Evaporite rocks underlie about 35 to 40 percent of the United
States, though in many areas they are buried at great depths
(Martinez and others, 1998). Natural solution-related subsidence
has occured in each of the major salt basins in the United States
(Ege, 1984). The high solubilities of salt and gypsum permit
cavities to form in days to years, whereas cavity formation
in carbonate bedrock is a very slow process that generally occurs
over centuries to millennia. Human activities can expedite cavity
formation in these susceptible materials and trigger their collapse,
as well as the collapse of pre-existing subsurface cavities.
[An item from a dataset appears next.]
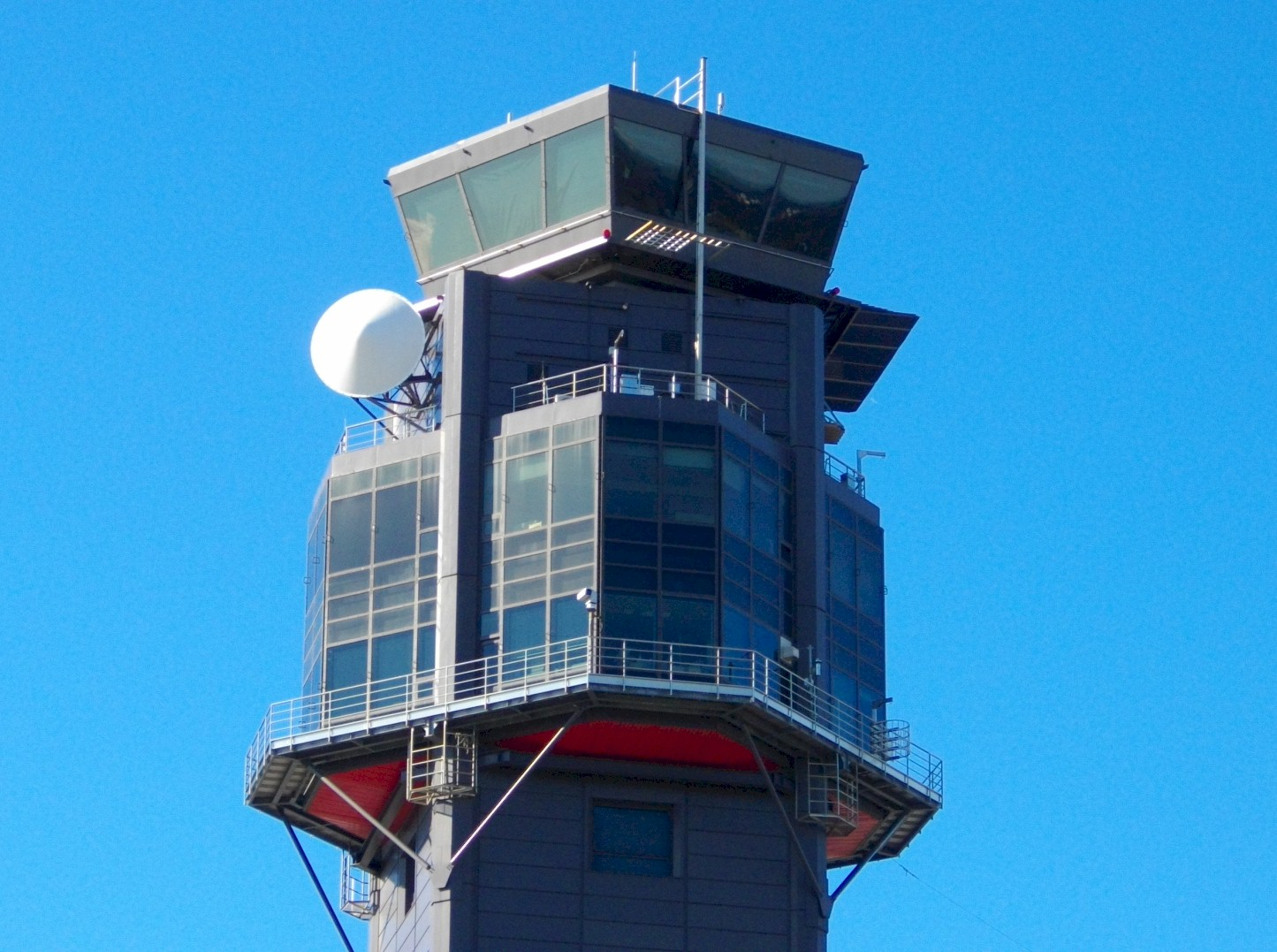 Old control tower of Narita International Airport

Though the collapse features tend to be highly localized, their
impacts can extend beyond the collapse zone via the potential
introduction of contaminants to the ground-water system. Two
cavity-collapse case studies Retsof, New York,
and west-central Florida document human-induced
cavity collapses in salt and limestone, respectively.
The Role of Science
The occurrence of land subsidence is seldom as obvious as it
is in the case of catastrophic sinkholes or mine collapses.
Where ground-water mining or drainage of organic soils are involved,
the subsidence is typically gradual and widespread, and its
discovery becomes an exercise in detection. Gazing out over
the San Joaquin Valley, California today, one would be hard-pressed
to recognize that fewer than 75 years ago the land surface was
nearly 30 feet higher in some locations (fig. 2). Subsidence
detection and mapping programs are critical to the scientific
understanding and management of our land and water resources.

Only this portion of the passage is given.